The microbiota comprises all living members forming the microbiome. Most microbiome researchers agree bacteria, archaea, fungi, algae, and small protists should be considered as members of the microbiome.[63][1] The integration of phages, viruses, plasmids, and mobile genetic elements is a more controversial issue in the definition of the microbiome. There is also no clear consensus as to whether extracellular DNA derived from dead cells, so-called "relic DNA", belongs to the microbiome.[76][1] Relic DNA can be up to 40% of the sequenced DNA in soil,[77] and was up to 33% of the total bacterial DNA on average in a broader analysis of habitats with the highest proportion of 80% in some samples.[78] Despite its omnipresence and abundance, relic DNA had a minimal effect on estimates of taxonomic and phylogenetic diversity.[78][1]

When it comes to the use of specific terms, a clear differentiation between microbiome and microbiota helps to avoid the controversy concerning the members of a microbiome.[1] Microbiota is usually defined as the assemblage of living microorganisms present in a defined environment.[63] As phages, viruses, plasmids, prions, viroids, and free DNA are usually not considered as living microorganisms,[79] they do not belong to the microbiota.[1]

The term microbiome, as it was originally postulated by Whipps and coworkers,[61] includes not only the community of the microorganisms but also their "theatre of activity". The latter involves the whole spectrum of molecules produced by the microorganisms, including their structural elements (nucleic acids, proteins, lipids, polysaccharides), metabolites (signalling molecules, toxins, organic, and inorganic molecules), and molecules produced by coexisting hosts and structured by the surrounding environmental conditions. Therefore, all mobile genetic elements, such as phages, viruses, and "relic" and extracellular DNA, should be included in the term microbiome, but are not a part of microbiota. The term microbiome is also sometimes confused with the metagenome. Metagenome is, however, clearly defined as a collection of genomes and genes from the members of a microbiota.[63][1]

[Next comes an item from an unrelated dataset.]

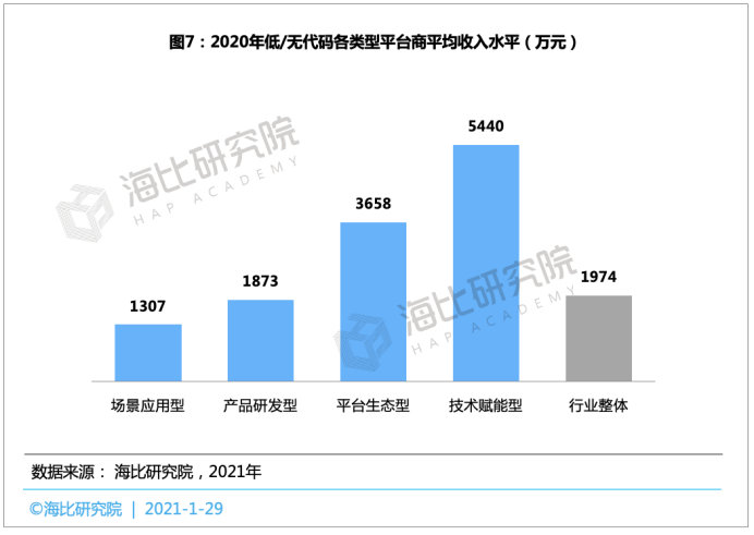 从各类型平台商的年均收入规模来看,技术赋能型收入平均年收入最高。其次是平台生态型,再次是产品研发型和场景应用型。因此,随着金蝶、致远互联等平台生态型厂商持续深耕,市场格局会发生变化。
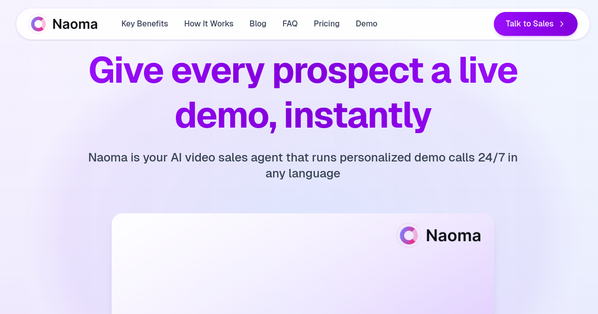 ‘데모 예약’을 ‘지금 AI 데모 받기’로 전환하세요. Naoma는 B2B SaaS 기업을 위한 최초의 비디오 AI 데모 에이전트로, 24시간 연중무휴로 모든 언어로 브라우저 내에서 실시간 맞춤형 데모를 제공합니다. 실제 제품 흐름을 클릭하고, 질문에 답변하며, 잠재 고객을 검증하고, CRM, 영업 캘린더 또는 결제로 연결합니다. 사람과 유사한 아바타, 브랜드 마스코트 또는 보다 격식 있는 모습 중에서 선택하여 잠재 고객의 참여를 유도할 수 있습니다.

Microbiome studies sometimes focus on the behaviour of a specific group of microbiota, generally in relation to or justified by a clear hypothesis. More and more terms like bacteriome, archaeome, mycobiome, or virome have started appearing in the scientific literature, but these terms do not refer to biomes (a regional ecosystem with a distinct assemblage of (micro) organisms, and physical environment often reflecting a certain climate and soil) as the microbiome itself.[1] Consequently, it would be better to use the original terms (bacterial, archaeal, or fungal community). In contrast to the microbiota, which can be studied separately, the microbiome is always composed by all members, which interact with each other, live in the same habitat, and form their ecological niche together. The well-established term virome is derived from virus and genome and is used to describe viral shotgun metagenomes consisting of a collection of nucleic acids associated with a particular ecosystem or holobiont.[80] Viral metagenomes can be suggested as a semantically and scientifically better term.[1]

Networks[edit]

Microbes interact with one another, and these symbiotic interactions have diverse consequences for microbial fitness, population dynamics, and functional capacities within the microbiome.[81] The microbial interactions can either be between microorganisms of the same species or between different species, genera, families, and domains of life. The interactions can be separated into positive, negative, and neutral types. Positive interactions include mutualism, synergism, and commensalism. Negative interactions include amensalism such as predation, parasitism, antagonism, and competition. Neutral interactions are interactions where there is no observed effect on the functional capacities or fitness of interacting species microbial life strategy concepts.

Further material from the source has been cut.